The Labour Party must move away from being a “Party of protest” by order of the oligarchy. 

Sir Keir Starmer’s latest decree states, The Labour Party must move away from being a “party of protest” in order to win elections and “hand power to working people”.

It also appears protest covers a magnitude of actions including workers withdrawing their labour and carrying out the legitimate right to strike.

Writing for The Mirror this weekend the Labour leader stated: ” “I am now leading a Labour Party that wants to change lives and give Britain the fresh start it needs. That means turning from a party of protest into a party that can win power – then hand that power to working people. I make no apologies for that.

Of course, that all sounds very ‘pragmatic’, pragmatic, being the latest centrist buzzword from Starmer Central, however, when you take into account his views on picketing and lack of support for striking workers you begin to question his motives, especially when you look at his own history of protest.

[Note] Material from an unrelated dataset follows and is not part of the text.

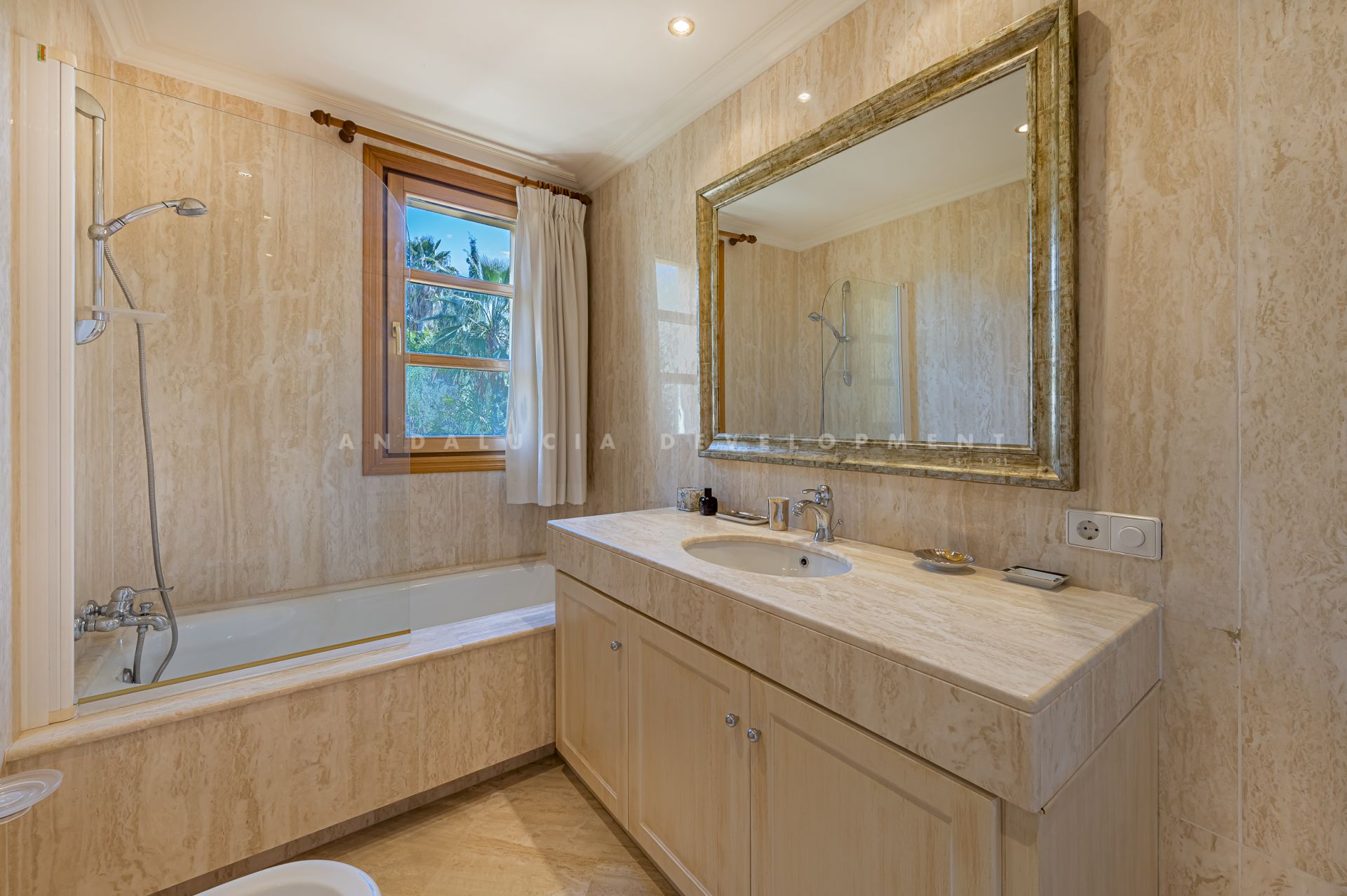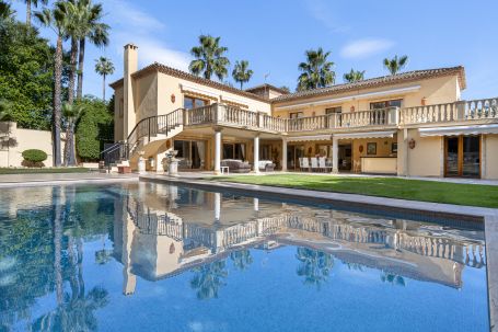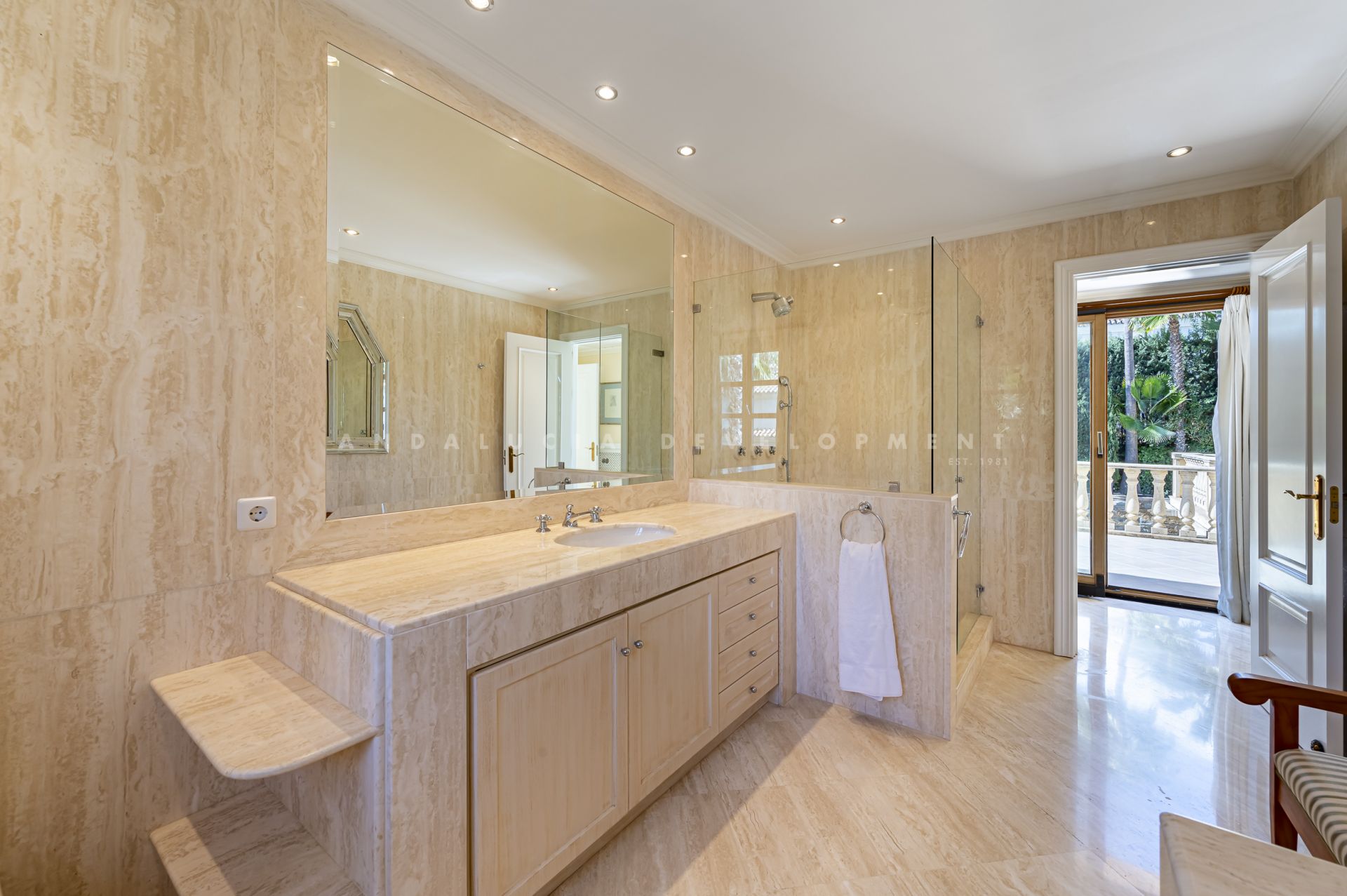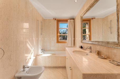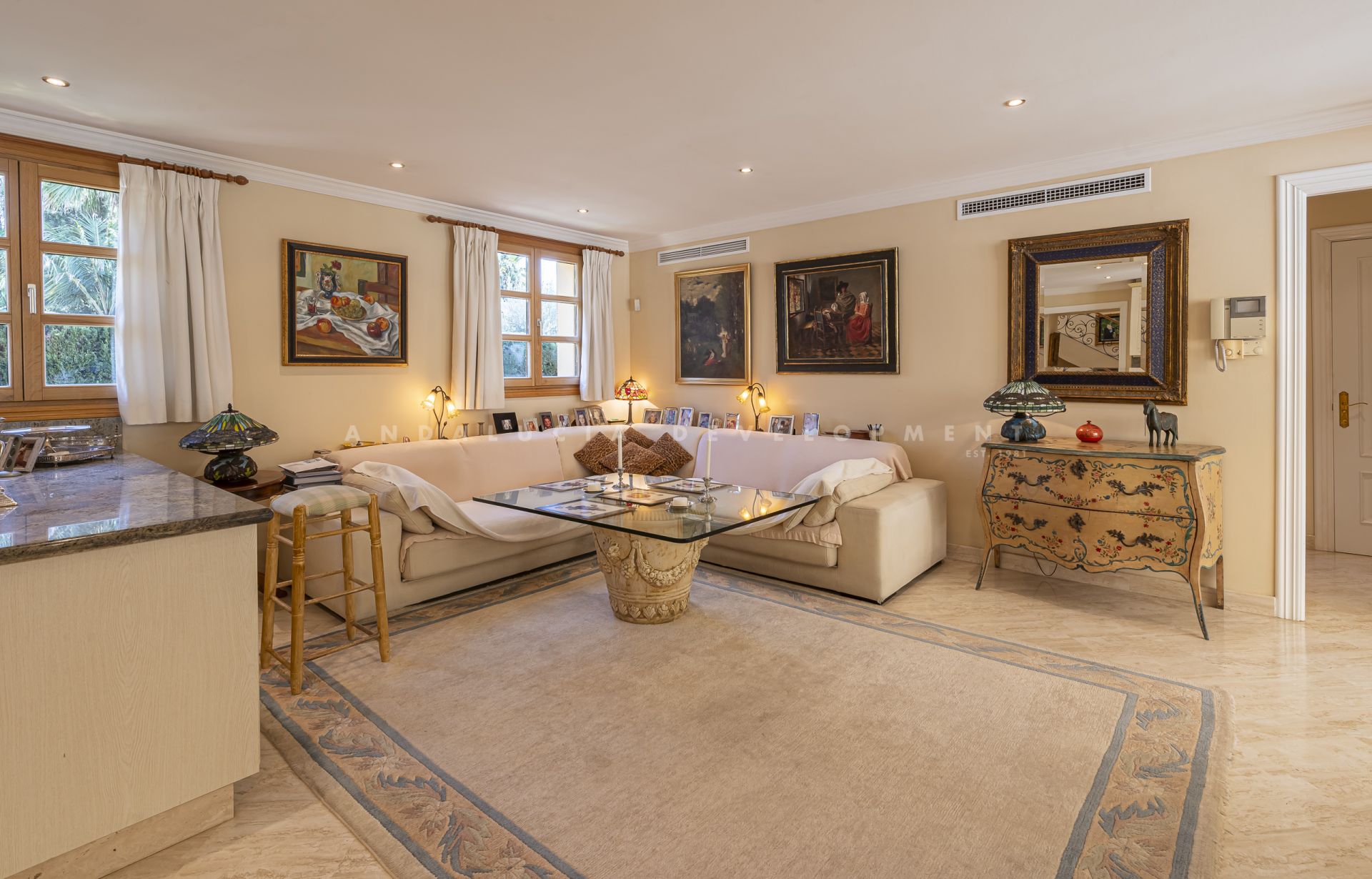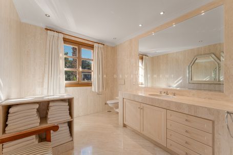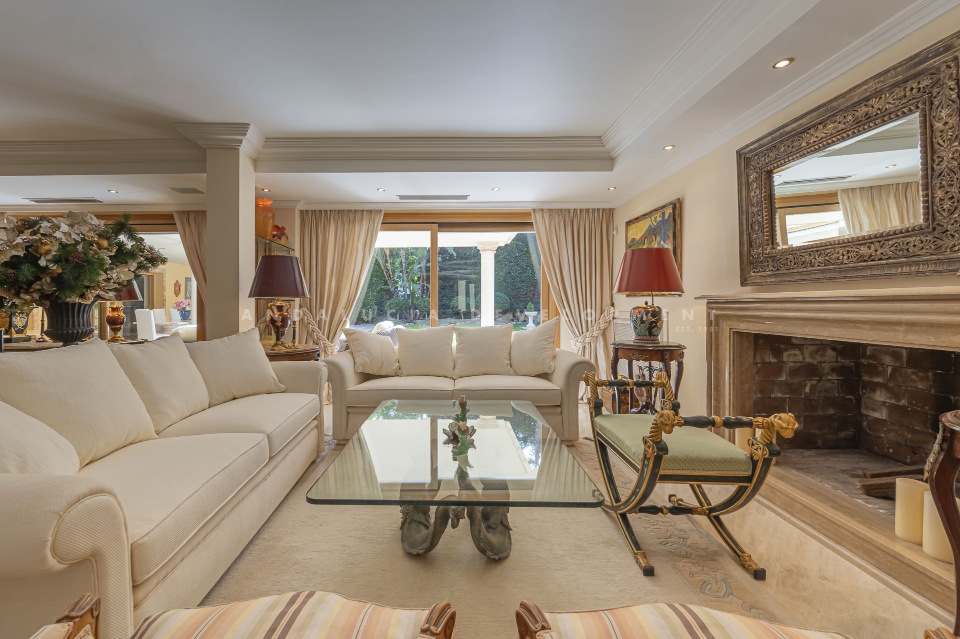 This luxury classic villa exemplifies high standig living on the Costa del Sol amidst the lush greenery of Nueva Andalucía’s premier golf courses. Its sought-after southwest orientation ensures ample sunlight within a peaceful residential enclave. Located just moments away from Aloha’s renowned dining establishments, vibrant bars, iconic Puerto Banús and beaches, convenience blends seamlessly with luxury in this prestigious neighbourhood. Step into an expansive entrance with marble floors and a grand staircase, setting the tone for refined elegance. The main level unveils an impressive open-plan layout, seamlessly blending living, dining, and formal entertaining spaces accentuated by a welcoming fireplace. Floor-to-ceiling windows frame views of the meticulously landscaped garden and inviting pool from the vast covered porch with a bar and dining area. A gourmet kitchen with a comfortable sitting area beckons gatherings and culinary delights, while a separate entrance leads to the laundry facilities, office, and a guest suite with a bathroom. Ascend to the second floor, comprising three spacious and luminous bedrooms, including the grand primary suite with an ensuite bathroom and walk-in closet. Each bedroom boasts a generous balcony with retractable awnings, inviting residents to enjoy the indoor-outdoor lifestyle and admire the Costa del Sol sunsets. The lower level offers a wealth of potential with a multipurpose area, sauna, bathroom, ample storage spaces and staff quarters. This floor is the perfect canvas for bespoke entertainment and wellness facilities such as a gym, cinema or games room. The villa is a haven for families, thanks to its proximity to premier educational institutions. Set within reach of esteemed schools, it’s the ideal residence for those prioritising education for their children. Positioned moments away from Puerto Banús, renowned for its glamorous marina and upscale boutiques, the famed Marbella Golden Mile and the beaches of the Costa del Sol, residents enjoy easy access to the region’s most coveted destinations. Whether indulging in the vibrant nightlife of Puerto Banús, taking strolls along the promenade, or basking in the Mediterranean sun on pristine shores, every day promises a wealth of experiences just a short distance from home. This villa encapsulates the essence of Costa del Sol living – a fusion of sophistication and convenience in a prime location that offers the best of both worlds.

His intervention comes as part of an ongoing debate between Labour’s left and right wingers about how to respond to the cost of living crisis, amid growing threats of further industrial action from public sector workers.

The country looks set to see ongoing rail strikes from transport unions, with union leaders calling for deserved pay rises more in tune with soaring inflation levels.

It comes as the rate at which prices rise has hit a 40-year high of 9.4% and is expected to grow further over the course of the year.

Industrial action is set to grow as Government pay offers to teachers, nurses, police officers and other key public sector industries have been rejected or condemned by unions as failing to address the crisis, with many in the process of or suggesting plans to consult their members on whether to strike later in the year.

It’s easy to call out the hypocrisy in Starmer’s stating Labour should not be a Party of protest when he has taken every photo op possible to ensure he can draw on the occasion or discard them as his needs be.

However, even without the scepticism, this is Starmer setting out his version of the future.

A future that does not tolerate protest, public dissent or even legitimate union strike action.

Actions speak louder than a photo op and Keir Starmer standing behind a banner demanding £15 an hour proves to be more of the latter and none of the former, you can ask Andy McDonald where Starmer stands on minimum wage, it’s not with the workers.

Again, Starmer would like us to shove down the memory hole a thousand years of protest. Protest that has brought about social change and given birth to democracy such as it we have today.

Yes, pragmatism can hide a whole bunch of sins; Pragmatism is a philosophical tradition that considers words and thought as tools, however, action and protest have been the real tools of the working class movement, having had more impact on life-changing events than any form of pragmatism.

More deniability from Starmer stood in front of a protest banner now declared antisemitic

Protests are very freighting to the ruling class.

The working class have had a history of protest to bring about real changes extending over a thousand years that have included, the Magna Carta (1215), The Peasants’ Revolt (1381), The Poll Tax Riots (1381 and 1990) The Levellers (1647) The Luddites (1812) The Peterloo Massacre (1819) The Tolpuddle Martyrs (1833) The Chartist movement (1838) The General Strike (1842) West Yorkshire Woollen Weavers’ strike of (1875) Match Women’s Strike (1888) Women’s Suffrage Movement (1897 – 1928 and on) The Kinder Scout Mass Trespass (1932) The Miners’ Strike of 1984/85, Anti-war protests (2003) The UK Occupy Movement 2011 and on and on and on.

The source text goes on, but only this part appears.